Die Antragsplanung des Staatlichen Bauamtes Schweinfurt ist eine wirtschaftliche Planung, die die Verkehrsverhältnisse auf der Staatsstraße 2292 wesentlich verbessern und die geschlossene Ortslage von Wollbach von der Lärm- und Abgasbelastung des Durchgangsverkehrs entlasten wird. Der Immissionsschutz der nächstgelegenen Wohnhäuser ist gewährleistet, indem die gesetzlich verankerten Grenzwerte für Lärm- und Luftschadstoffbelastungen eingehalten werden.

Nach überschlägiger Prüfung sind keine entscheidenden Vorteile der von der Bürgerinitiative vorgeschlagenen Alternativtrasse erkennbar. Wirtschaftliche Vorteile sind bei der rund 300 bis 400 Meter längeren Alternativtrasse nicht zu erwarten, zumal diese damit einen größeren Flächenbedarf an naturschutzfachlich hochwertigen und landwirtschaftlich bewirtschafteten Flächen auslösen würde.

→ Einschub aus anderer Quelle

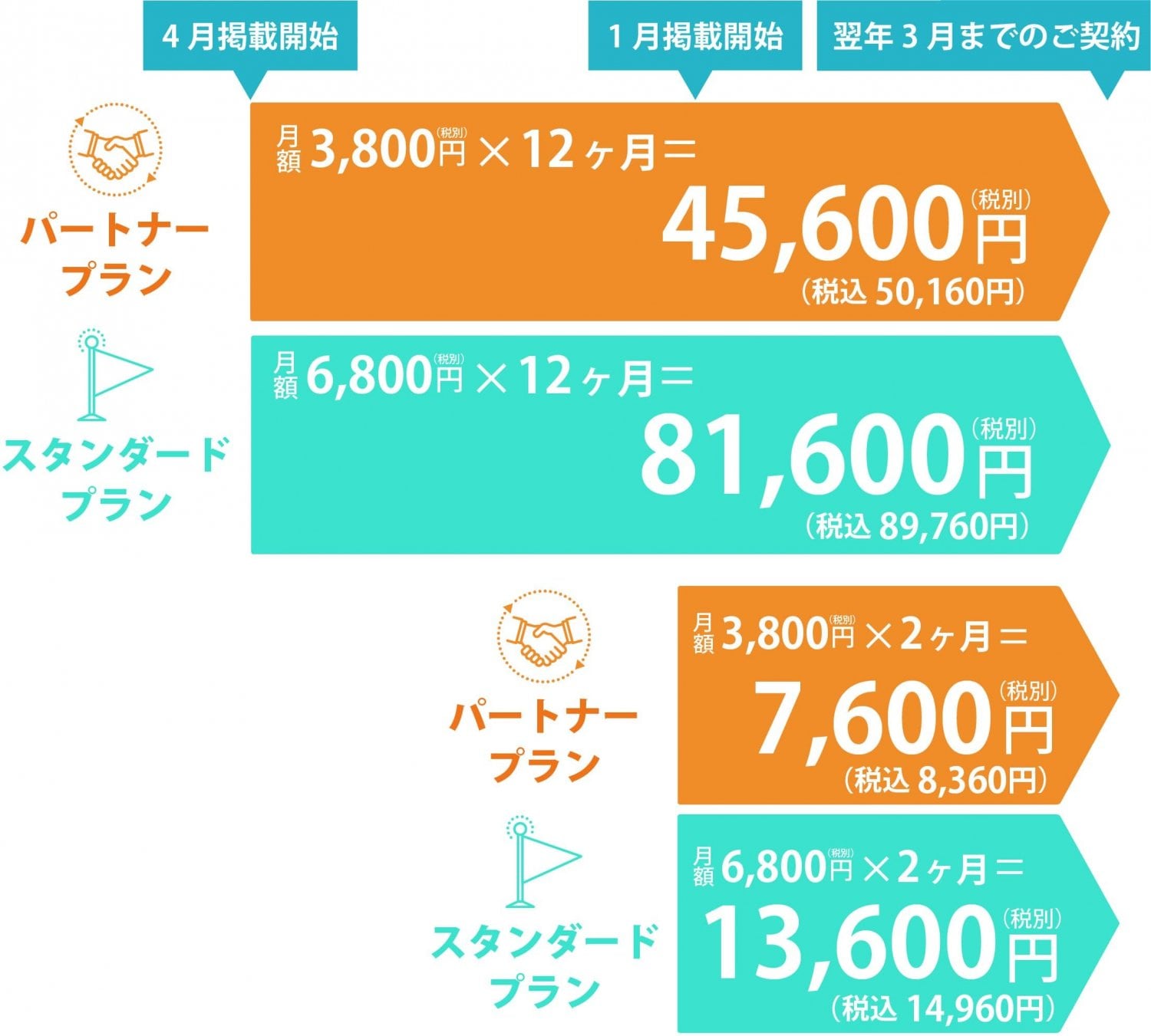 掲載のご契約は、掲載開始月~次の3月までのサブスク契約となります。
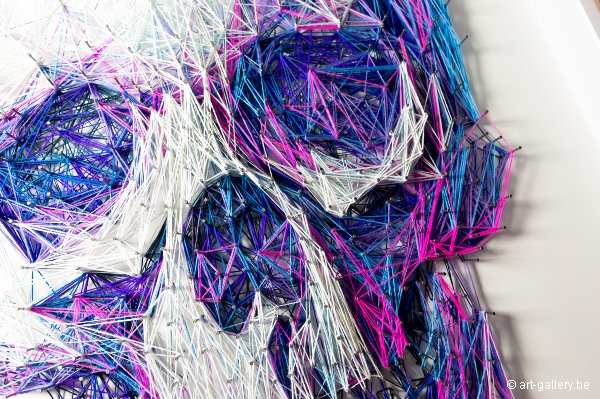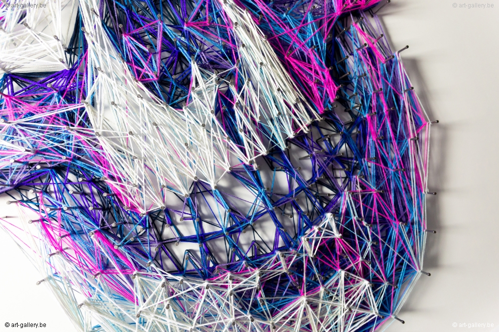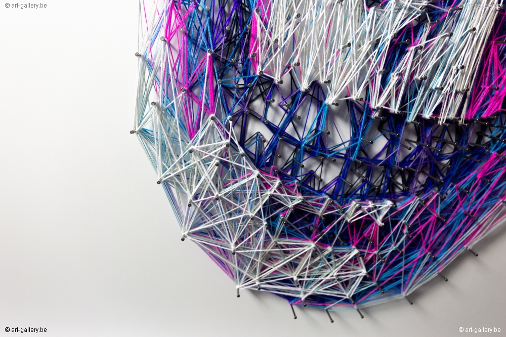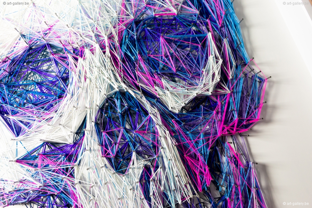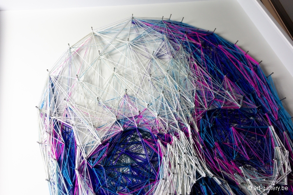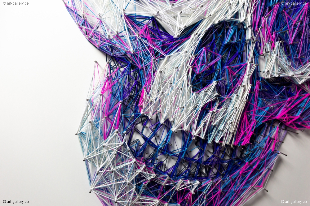 Oeuvre originale de crâne de cordes par Steve Locatelli. L'?uvre est montée derrière une vitre de musée antireflet et porte une signature. Le crâne était composé de clous construits en forme de crâne. Ensuite, les ongles ont été connectés avec des fils pour créer un bel effet 3D. Selon Steve, un crâne est si universel que vous ne pouvez pas voir si c'était un garçon ou une fille ou si c'était une personne blanche, africaine ou chinoise. Nous sommes tous pareil!
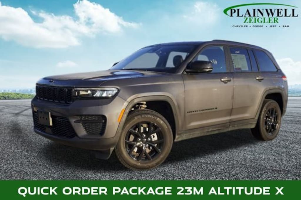 Baltic Gray Metallic Clearcoat 2024 Jeep Grand Cherokee Altitude X 4WD 8-Speed Automatic 3.6L V6 24V VVT 4WD, 115V Auxiliary Power Outlet, 18" 5-Spoke Painted Aluminum Wheels, Altitude X, Black Headliner, Brake assist, Capri Leatherette/Suede Seats, Delete Laredo Badge, Electronic Stability Control, Emergency communication system, Gloss Black Exterior Accents, Heated Front Seats, Heated Steering Wheel, ParkView Rear Back-Up Camera, Power Liftgate, Power Sunroof, Quick Order Package 23M Altitude X, Rain Sensitive Windshield Wipers, Remote keyless entry, Security system, Selectable Tire Fill Alert, Steering wheel mounted audio controls, Wheels: 18" x 8" Fully Painted Aluminum 1, Wireless Charging Pad.
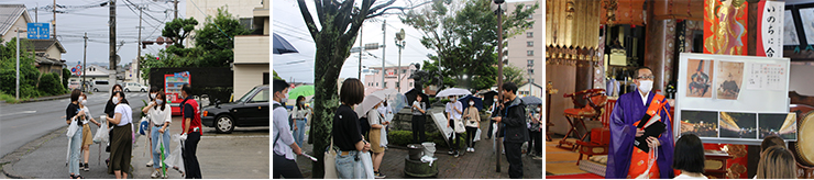 鶴崎商工会青年部の皆さんをはじめ、大分三好ヴァイセアドラーの選手・監督の皆さんと共に鶴崎地区内のゴミ拾いを行った後、加藤清正公を祀る法心寺の住職から寺の歴史について、また商工会議所において、鶴崎商店街の方々から商店街の歴史と新型コロナ禍での各店舗の取り組みや課題などについて話をお聞きしました。
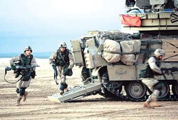 米国のイラク攻撃の可能性が高まっているなか、20日、米海兵隊員たちがイラク国境から約25km離れたクウェートの砂漠で軍事演習を行っている。

Ein Umschwenken auf diese Lösung würde zudem einen Zeitverlust von mehreren Jahren bedeuten, da für eine neue Linienführung die technische Planung nochmals erarbeitet und ein neues Planfeststellungsverfahren durchgeführt werden müsste.

Über die Einwendung der Bürgerinitiative, die ja im Rahmen dieses derzeit laufenden Planfeststellungsverfahrens vorliegt, entscheidet die Planfeststellungsbehörde. Dieser Entscheidung kann und soll auch nicht vorgegriffen werden.